For part of your assessment of this unit, respond in 3-5 sentences to each of the following essential questions from our lesson and post to the blog:

Egyptian Poetry

o EQ: What does poetry offer the study of Ancient Egypt that biographies and historical accounts cannot?

o EQ: The fact that these Ancient Egyptian poems discuss the nature of love – probably still the most pervasive topic in poetry today – says what about the nature of poetry in general?

Cairo Readings

o EQ: What does this memoir/ vignette have to say about the passing of time/ life?

o EQ: What were fond details about the Cairo he remembers? What were details about the modern Cairo he is experiencing as an old man?

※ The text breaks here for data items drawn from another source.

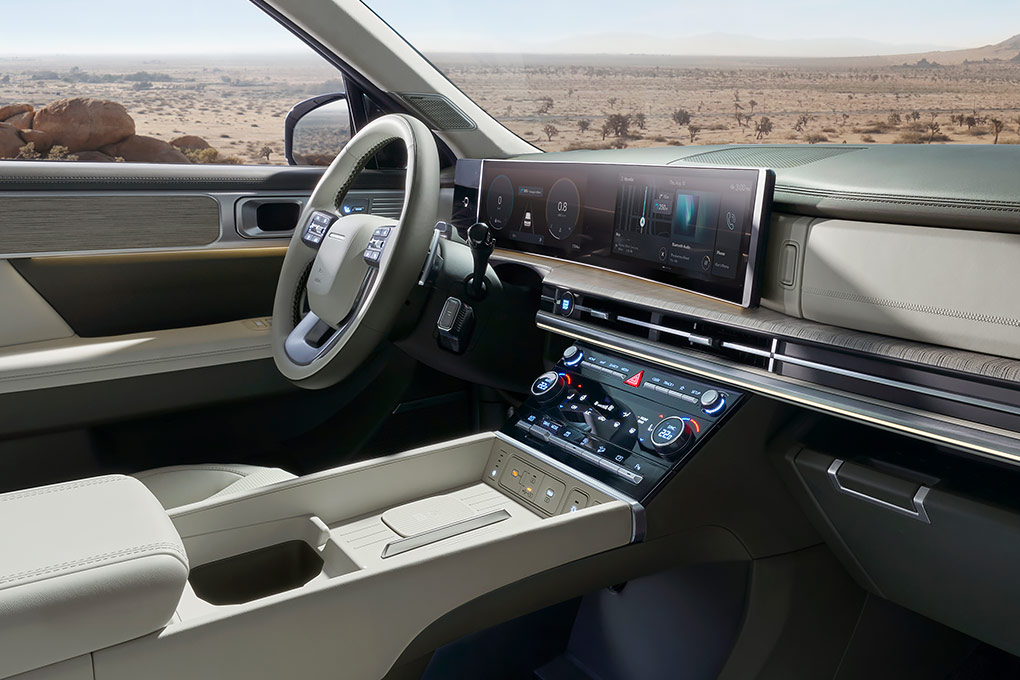 Салон Hyundai Santa Fe (MX5) – это радикальный отход от плавных форм прошлых поколений. Здесь доминируют прямые горизонтальные линии, объединённые воздуховоды и большие поверхности. Главная особенность интерьера – два сдвоенных экрана диагональю 12,3 дюйма каждый: цифровая приборная панель и мультимедийная система с меню на русском языке.
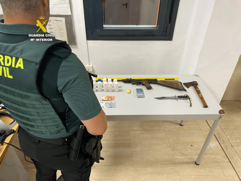 Se han intervenido, 10 gramos de cocaína, 12 botes de metadona, una báscula, un machete militar, un hacha, una carabina de aire comprimido, bolsas de plástico recortadas y 30 euros en metálico
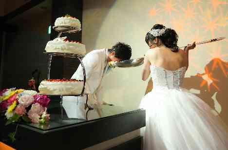 ”とにかくみんなに楽しんでほしい!”サービス精神旺盛で、普段から明るく周りを笑顔にすることが大好きなおふたりは、ファーストバイトも通常の「大・中・小」では物足りず、特注のBIGスプーンで! 愛情の大きさそのままに新郎さんのお口に運んでいただきました。インパクト大なシャッターチャンスもしっかり作り、会場は「もっともっと!」と大盛り上がりでした。

o EQ: Compare “Half a Day” to excerpts from the NY Times article – do they depict the same “modern Cairo”?

Lesson Standards

ELAWLRL1.a – Language and style

ELAWLRL1.c
Relates identified elements in fiction to theme or underlying meaning.

ELAWLRL1.d
Analyzes the influence of mythic, traditional, or classical literature on works of world literature.

ELAWLRL1.e
Analyzes and compares style and language across significant cross-cultural literary works.

ELAWLRL1.c
Analyzes, evaluates, and applies knowledge of the ways authors from different cultures use language, style, syntax, and rhetorical strategies for specific purposes in nonfiction works.

ELAWLRL1.c
Identifies and responds to poetic forms specific to particular cultures.

ELAWLRL1.a
Identifies, responds to, and analyzes the effects of diction, syntax, sound, form, figurative language, and structure of poems as these elements relate to meaning.

ELAWLRL2.a
Applies knowledge of the concept that the theme or meaning of a selection represents a universal view or comment on life or society and provides support from the text for the identified theme.

ELAWLRL3.a
Relates a literary work to primary source documents of its liteary period or historical setting.

ELAWLRL3.d
Analyzes a variety of cross-cultural works representing different genres within the same specific time period in order to identify types of discourse

ELAWLRL4.b
Draws comparisons between specific incidents in a text and broader themes that illustrate the writer’s important beliefs of generalizations about life or culturally specific beliefs or generalizations about life.